AG Defends California Insurance Commissioner’s Regulatory Move

November 2, 2016

The California Supreme Court heard oral arguments this week, during which the Attorney General’s office in suit filed by the insurance industry defended a regulatory move by Insurance Dave Jones.

The regulation was developed under Commissioner Steve Poizner and issued by Commissioner Dave Jones to address a perceived problem faced by some homeowners whose homes were damaged or destroyed in the Oakland Hills and other fires and then they found themselves underinsured.

This is because the replacement cost estimates from their insurers left out key elements of the cost to rebuild their homes, according to Jones.
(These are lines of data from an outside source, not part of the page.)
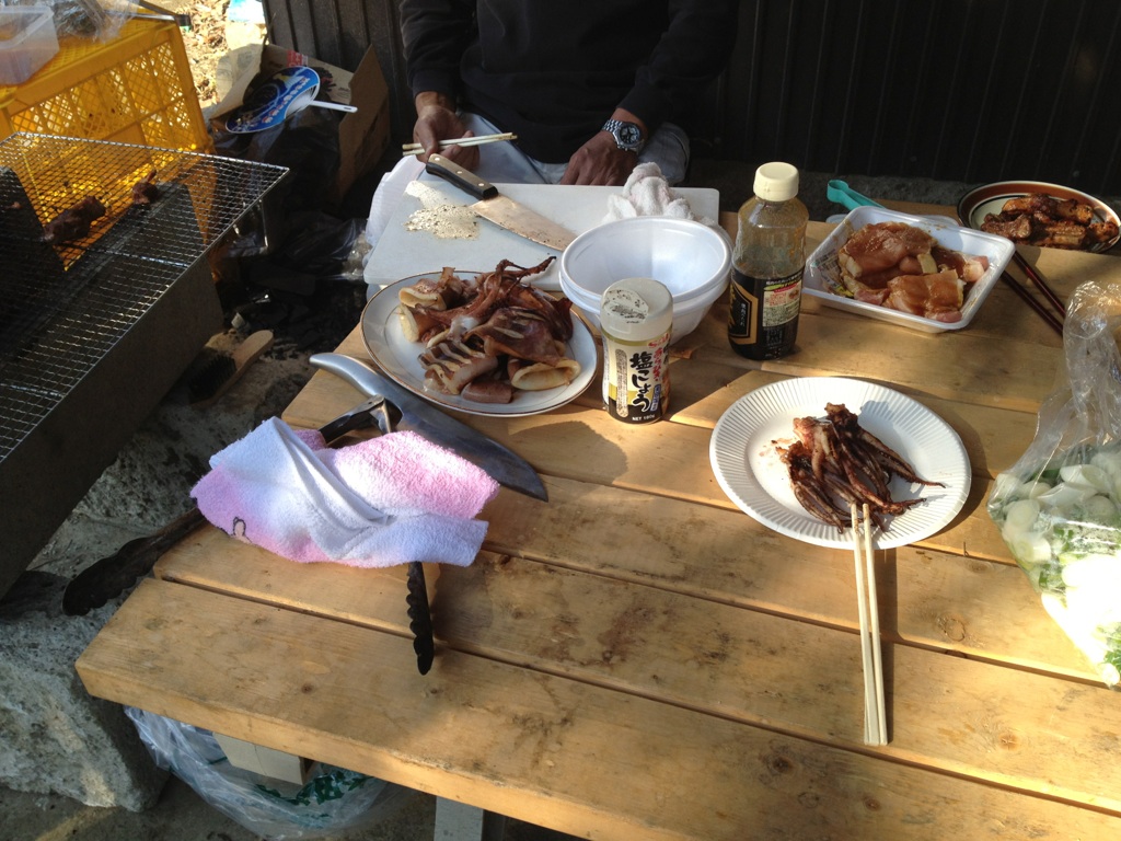 そして、作業の後、農家さんにあいさつしにお家の前まで行ってみると、何やらおいしそうなものが机に並んでいて、その横には、ひとり金網でイカを焼く農家さんの姿が…笑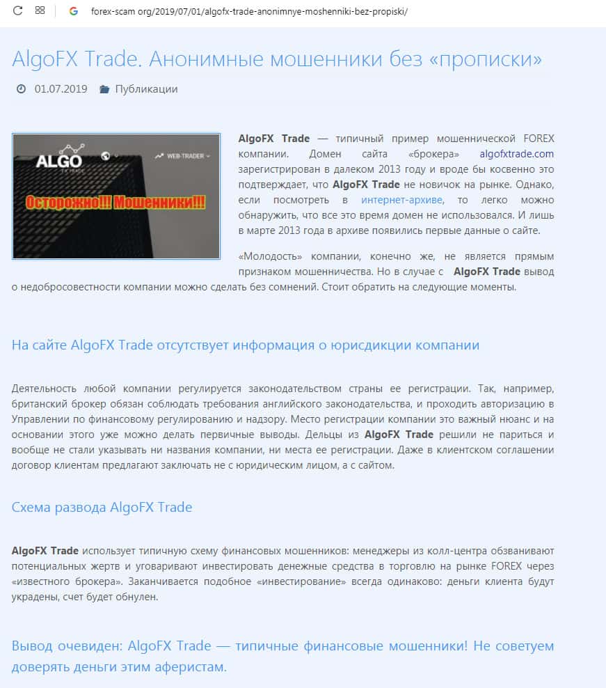 - Статья-разоблачение о скам-конторе Алго ФХ Трейд найдена на информационном сайте forex-scam org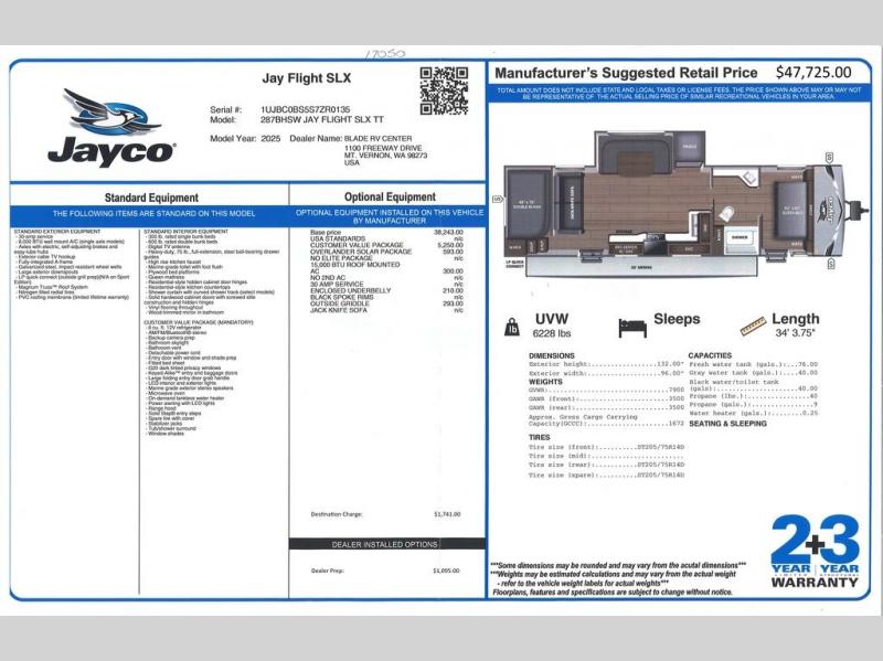 The Jayco Jay Flight SLX travel trailer is quite easy to own because it is lightweight for an easier towing experience. Built on a fully integrated A-frame with galvanized-steel, impact-resistant wheel wells, the Jay Flight SLX has quality at its very foundation. That quality continues on to the electric self-adjusting brakes, easy-lube hubs, Magnum Truss roof system, and LP quick connect. Some of what the mandatory Customer Value Package includes is backup camera prep, Keyed-Alike entry and baggage doors, marine grade exterior speakers, and an on-demand tankless water heater.

In an attempt to offer artificially low premiums and compete unfairly for business, insurers removed certain elements of the actual estimated-replacement, which left homeowners without sufficient coverage to rebuild their homes, Jones alleges.

Jones said regulation requires home insurers when providing a replacement-cost estimate to provide a complete estimate of the cost of replacing a home so homeowners know how much insurance they should buy.
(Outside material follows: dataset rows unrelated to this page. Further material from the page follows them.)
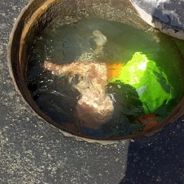 نشرت وزارة المياه على صفحتها الرسمية على الفيسبوك صورا تظهر قيام احد موظفيها بالغطس لحل مشكلة تتعلق بالصرف الصحي وازالة المخلفات من داخل احد المناهل .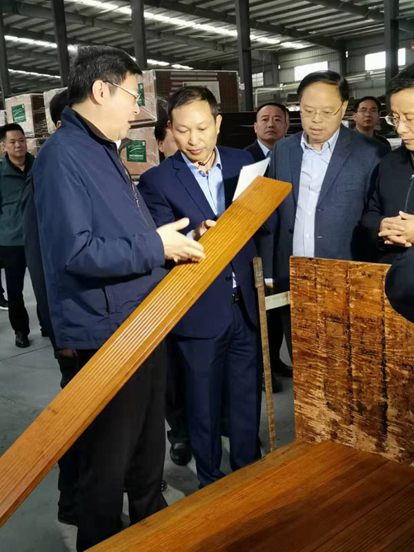 2019年10月15日,湖南省省委書記、省人大常委會(huì)主任杜家毫一行蒞臨我司考察調(diào)研,這也是他任職湖南省后第二次造訪桃花江竹材。湖南省委常委、湖南省委秘書長(zhǎng)張劍飛,益陽(yáng)市市委書記瞿海、益陽(yáng)市市長(zhǎng)張值恒等相關(guān)部門領(lǐng)導(dǎo)陪同調(diào)研。在公司董事長(zhǎng)薛志成的陪同下,杜書記一行深入我司戶外竹材生產(chǎn)車間一線調(diào)研,對(duì)我司生產(chǎn)經(jīng)營(yíng)、人才培養(yǎng)、科技創(chuàng)新和新產(chǎn)品開發(fā)等方面進(jìn)行了調(diào)研。杜書記仔細(xì)端詳公司產(chǎn)品,詳細(xì)詢問(wèn)產(chǎn)品的生產(chǎn)流程,應(yīng)用領(lǐng)域和銷售情況,他對(duì)公司擁有戶外防腐竹材、竹地板、竹墻板等10余項(xiàng)國(guó)家授權(quán)發(fā)明專利的研發(fā)能力表示贊賞,他說(shuō) :"我們需要的就是像桃花江竹材這樣的企業(yè) ,有較強(qiáng)的自主研發(fā)能力,生產(chǎn)的戶外竹材產(chǎn)品,環(huán)保又可持續(xù)發(fā)展,市場(chǎng)前景巨大,發(fā)展竹產(chǎn)業(yè)又能帶動(dòng)周邊竹農(nóng)致富,政府表示大力支持,前不久出臺(tái)的那個(gè)湖南農(nóng)業(yè)優(yōu)勢(shì)特色千億產(chǎn)業(yè)行動(dòng)方案就部署了對(duì)楠竹產(chǎn)業(yè)的發(fā)展規(guī)劃,希望桃花江竹材作為竹產(chǎn)業(yè)的龍頭企業(yè),能充分發(fā)揮引領(lǐng)帶頭作用,提升竹產(chǎn)業(yè)的科技創(chuàng)新能力,為把竹產(chǎn)業(yè)做大做強(qiáng)貢獻(xiàn)更大的力量。"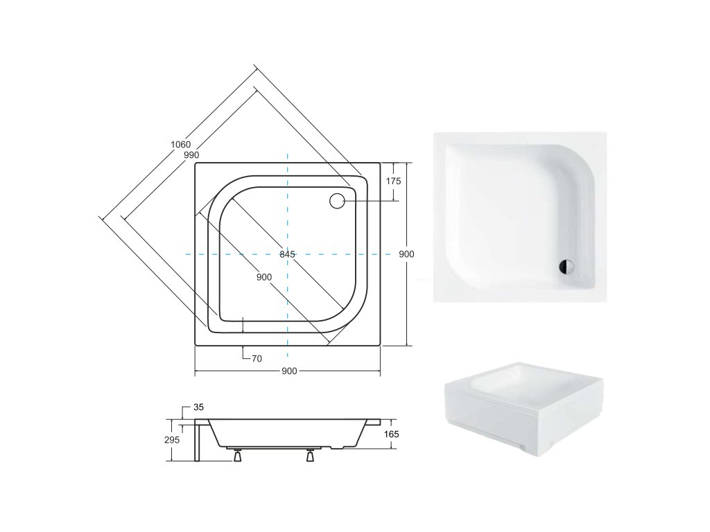 Veľmi praktická a kvalitná štvorcová sprchová vanička, vyrobená z kvalitného sanitárneho akrylátu (vystuženého živicou).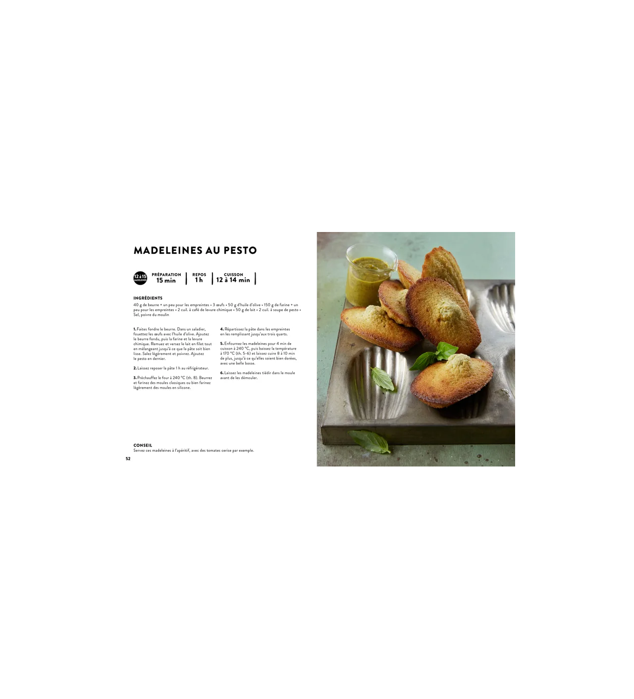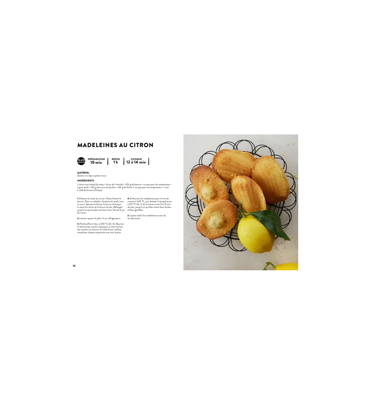 Ce livre de recettes comporte des déclinaisons sucrées et salées des gâteaux iconiques pour vous ouvrir un monde de possibilités savoureuses. Choisissez celle qui vous attire le plus sur le moment, puis suivez les étapes claires et simples. Le livre de recettes Madeleines et Financiers est un indispensable de tous les cuisiniers en quête d’idées simples.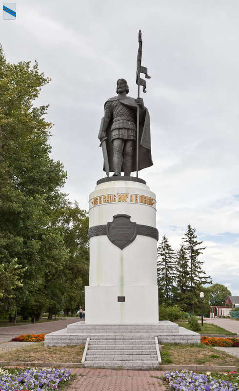 Созданная им скульптура героя битвы на Чудском озере установлена на высоком белом постаменте. Святой Александр Невский изображен с непокрытой головой, в воинском доспехе и плаще. В правой руке он держит меч, в левой – хоругвь. Глава князя слегка повернута, он будто обозревает войско перед решающей битвой. На постаменте высечена надпись с самыми известными словами героя: «Не в силе Бог, а в правде».

Insurers sued the commissioner to block the regulation.

The Association of California Insurance Companies and the Personal Insurance Federation of California see the case as an example of a growing trend where regulators overreach their mandates.

According to the groups, this regulatory overreach trend is driving up costs for insurers and their customers in addition to impairing insurers’ ability to effectively serve their customers.
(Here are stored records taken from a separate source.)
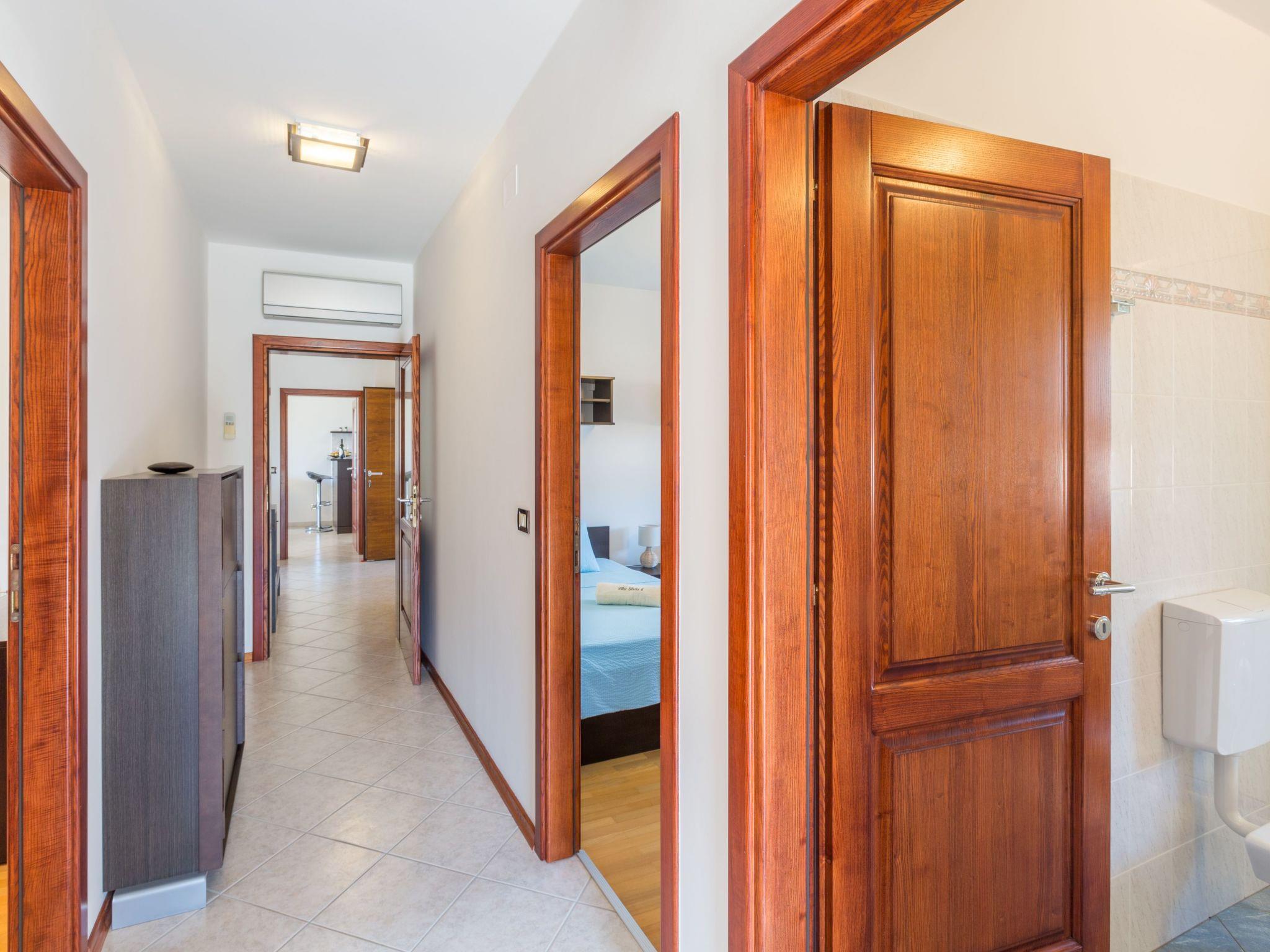 The outdoor facilities include a fully fenced 2000m2 garden with a well-kept lawn, terrace with table and chairs for outdoor dining, barbecue and 36 square metre pool with sun loungers, all for private use. Parking for a total of 2 vehicles is in the courtyard.holiday flat Mihael is located on the 1st floor on 120 sqm and is suitable for up to 6 people. It has an equipped kitchen with dining room, tastefully furnished and well-lit living room with seating area and exit to the balcony with garden furniture and view of the pool area, 2 bedrooms with double bed, bedroom with 2 beds, bathroom with shower/tub/WC, and a separate WC. All bedrooms have a beautiful view of the green surroundings. The whole floor is air-conditioned and unlimited wifi is available and the landlord occasionally lives on the ground floor.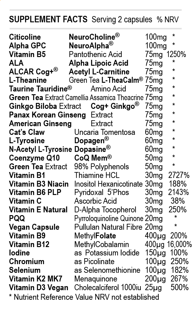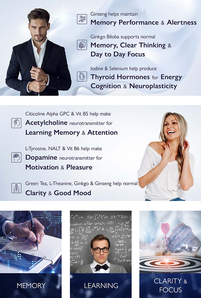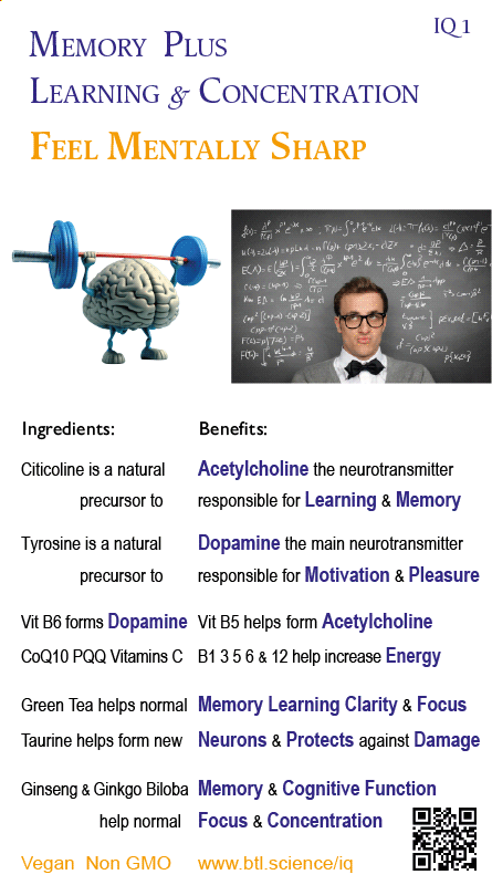 IQ1 Memory Plus Learning - Feel Sharp - Clarity & Concentration - Cognition & Study Aid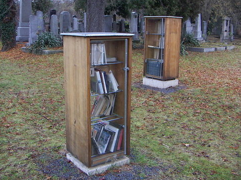 1995, the cemetery was finally restored. Near the three bookshelves stands a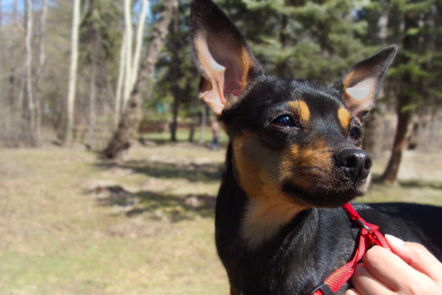 ミニチュアピンシャーは、寒さや加齢など原因は様々ですが、耳のフチ部分の血行が悪くなり、一部が壊死し、脱落してしまう「耳介辺縁皮膚症」をよく発症します。

The regulation, which was adopted in 2010 and went into effect in 2011, established specific requirements governing replacement-cost estimates and decreed that any estimate not conforming to those requirements be deemed a misleading communication in violation of the Unfair Insurance Practices Act.

ACIC and the PIFC filed suit against the CDI of Insurance in 2011 alleging that the Department lacked authority to promulgate the regulation.

Jones noted that the Attorney General feels different.

“The Attorney General’s office noted that the Department of Insurance is expressly authorized to issue regulations to protect consumers, and this regulation falls within that express authority as well as within the authority of a long line of cases supporting rulemaking by governmental agencies like the California Department of Insurance,” Jones said in a statement.